About this task.
There is one span to output from the data below: the lines starting at the line with "Casa de Madeira" and ending at the line with "Fragrance set consisting". Output it exactly, ends included, nothing more.

Records from a dataset.
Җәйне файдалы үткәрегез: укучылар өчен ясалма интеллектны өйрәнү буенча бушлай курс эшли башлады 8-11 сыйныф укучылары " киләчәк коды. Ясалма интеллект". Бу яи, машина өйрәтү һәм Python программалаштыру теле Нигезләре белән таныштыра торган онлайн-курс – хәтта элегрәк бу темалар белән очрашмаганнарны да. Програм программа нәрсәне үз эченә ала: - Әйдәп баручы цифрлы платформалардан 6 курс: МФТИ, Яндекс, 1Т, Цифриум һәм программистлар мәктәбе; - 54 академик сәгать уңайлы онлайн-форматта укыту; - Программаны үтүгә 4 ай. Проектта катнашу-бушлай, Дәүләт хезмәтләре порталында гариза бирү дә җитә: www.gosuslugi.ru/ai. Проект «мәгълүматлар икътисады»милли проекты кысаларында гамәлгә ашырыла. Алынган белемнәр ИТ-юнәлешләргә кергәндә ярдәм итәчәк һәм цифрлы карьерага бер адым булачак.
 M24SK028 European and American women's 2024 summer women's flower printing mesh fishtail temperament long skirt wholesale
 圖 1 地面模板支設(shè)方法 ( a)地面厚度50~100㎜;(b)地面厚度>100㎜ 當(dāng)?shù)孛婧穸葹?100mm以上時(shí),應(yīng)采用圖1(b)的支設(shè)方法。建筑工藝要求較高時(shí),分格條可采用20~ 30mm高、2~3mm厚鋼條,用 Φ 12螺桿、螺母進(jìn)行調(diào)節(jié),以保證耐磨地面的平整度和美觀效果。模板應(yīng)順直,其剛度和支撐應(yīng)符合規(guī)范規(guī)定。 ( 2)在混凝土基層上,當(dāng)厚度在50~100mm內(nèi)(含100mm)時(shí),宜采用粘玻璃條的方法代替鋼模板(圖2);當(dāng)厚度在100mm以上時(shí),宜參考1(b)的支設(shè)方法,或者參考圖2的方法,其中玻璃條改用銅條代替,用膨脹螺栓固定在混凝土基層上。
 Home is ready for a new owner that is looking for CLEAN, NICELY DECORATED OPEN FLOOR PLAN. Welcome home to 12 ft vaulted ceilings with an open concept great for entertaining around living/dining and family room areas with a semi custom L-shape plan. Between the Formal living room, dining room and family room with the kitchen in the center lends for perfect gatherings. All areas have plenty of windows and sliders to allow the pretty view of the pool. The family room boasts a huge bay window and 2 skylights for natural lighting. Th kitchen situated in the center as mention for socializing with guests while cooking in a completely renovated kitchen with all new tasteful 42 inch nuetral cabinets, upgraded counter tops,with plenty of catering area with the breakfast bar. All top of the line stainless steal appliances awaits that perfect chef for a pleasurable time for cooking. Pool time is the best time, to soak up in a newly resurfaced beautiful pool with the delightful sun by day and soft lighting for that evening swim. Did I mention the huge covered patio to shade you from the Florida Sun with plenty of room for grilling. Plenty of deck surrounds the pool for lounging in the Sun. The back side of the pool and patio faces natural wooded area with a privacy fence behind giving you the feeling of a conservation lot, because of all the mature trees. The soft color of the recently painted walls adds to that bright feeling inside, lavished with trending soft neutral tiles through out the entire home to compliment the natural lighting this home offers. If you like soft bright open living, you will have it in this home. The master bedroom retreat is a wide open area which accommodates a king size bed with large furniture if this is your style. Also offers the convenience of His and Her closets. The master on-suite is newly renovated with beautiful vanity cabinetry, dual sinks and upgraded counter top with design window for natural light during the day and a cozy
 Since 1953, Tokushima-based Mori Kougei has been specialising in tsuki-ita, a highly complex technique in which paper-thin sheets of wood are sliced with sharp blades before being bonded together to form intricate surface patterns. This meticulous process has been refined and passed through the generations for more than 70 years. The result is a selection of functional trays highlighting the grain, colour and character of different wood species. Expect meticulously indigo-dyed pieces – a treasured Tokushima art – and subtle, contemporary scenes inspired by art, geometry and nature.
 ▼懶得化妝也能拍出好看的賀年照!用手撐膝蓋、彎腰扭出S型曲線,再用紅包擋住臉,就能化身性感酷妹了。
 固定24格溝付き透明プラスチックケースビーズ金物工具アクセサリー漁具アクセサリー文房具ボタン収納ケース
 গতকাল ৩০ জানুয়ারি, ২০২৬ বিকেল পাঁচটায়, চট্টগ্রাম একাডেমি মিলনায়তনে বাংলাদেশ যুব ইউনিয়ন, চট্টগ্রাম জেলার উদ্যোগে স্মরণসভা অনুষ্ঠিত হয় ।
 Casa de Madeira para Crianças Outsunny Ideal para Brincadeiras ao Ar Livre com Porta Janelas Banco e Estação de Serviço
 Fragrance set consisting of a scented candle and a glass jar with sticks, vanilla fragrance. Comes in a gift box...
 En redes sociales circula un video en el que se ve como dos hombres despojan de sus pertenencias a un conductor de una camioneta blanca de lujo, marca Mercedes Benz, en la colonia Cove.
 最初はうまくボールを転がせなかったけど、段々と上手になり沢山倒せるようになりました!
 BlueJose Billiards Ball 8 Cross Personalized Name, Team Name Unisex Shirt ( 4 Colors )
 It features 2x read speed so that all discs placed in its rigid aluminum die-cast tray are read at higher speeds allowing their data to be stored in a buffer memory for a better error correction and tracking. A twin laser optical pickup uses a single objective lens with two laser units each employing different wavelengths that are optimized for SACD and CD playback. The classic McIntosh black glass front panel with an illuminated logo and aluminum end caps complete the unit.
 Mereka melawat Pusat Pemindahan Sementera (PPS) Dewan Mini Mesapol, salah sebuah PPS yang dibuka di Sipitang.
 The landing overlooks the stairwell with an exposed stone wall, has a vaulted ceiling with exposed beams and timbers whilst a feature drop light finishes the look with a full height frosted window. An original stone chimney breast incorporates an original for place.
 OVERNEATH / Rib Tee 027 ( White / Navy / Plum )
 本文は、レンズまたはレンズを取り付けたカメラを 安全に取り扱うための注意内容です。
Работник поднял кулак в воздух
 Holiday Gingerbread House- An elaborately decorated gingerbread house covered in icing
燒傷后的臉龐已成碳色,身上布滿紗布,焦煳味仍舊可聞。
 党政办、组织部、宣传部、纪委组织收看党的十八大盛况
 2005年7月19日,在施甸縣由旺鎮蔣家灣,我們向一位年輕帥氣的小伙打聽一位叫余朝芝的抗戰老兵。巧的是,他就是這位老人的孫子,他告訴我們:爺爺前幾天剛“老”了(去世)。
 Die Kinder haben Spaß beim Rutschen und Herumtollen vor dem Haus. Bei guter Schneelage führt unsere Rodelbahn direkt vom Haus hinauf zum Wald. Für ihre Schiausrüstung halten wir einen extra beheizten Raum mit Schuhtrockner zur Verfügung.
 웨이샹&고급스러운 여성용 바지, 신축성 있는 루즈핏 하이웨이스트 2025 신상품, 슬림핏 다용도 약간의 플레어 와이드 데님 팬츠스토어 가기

Written solution.
 Casa de Madeira para Crianças Outsunny Ideal para Brincadeiras ao Ar Livre com Porta Janelas Banco e Estação de Serviço
 Fragrance set consisting of a scented candle and a glass jar with sticks, vanilla fragrance. Comes in a gift box...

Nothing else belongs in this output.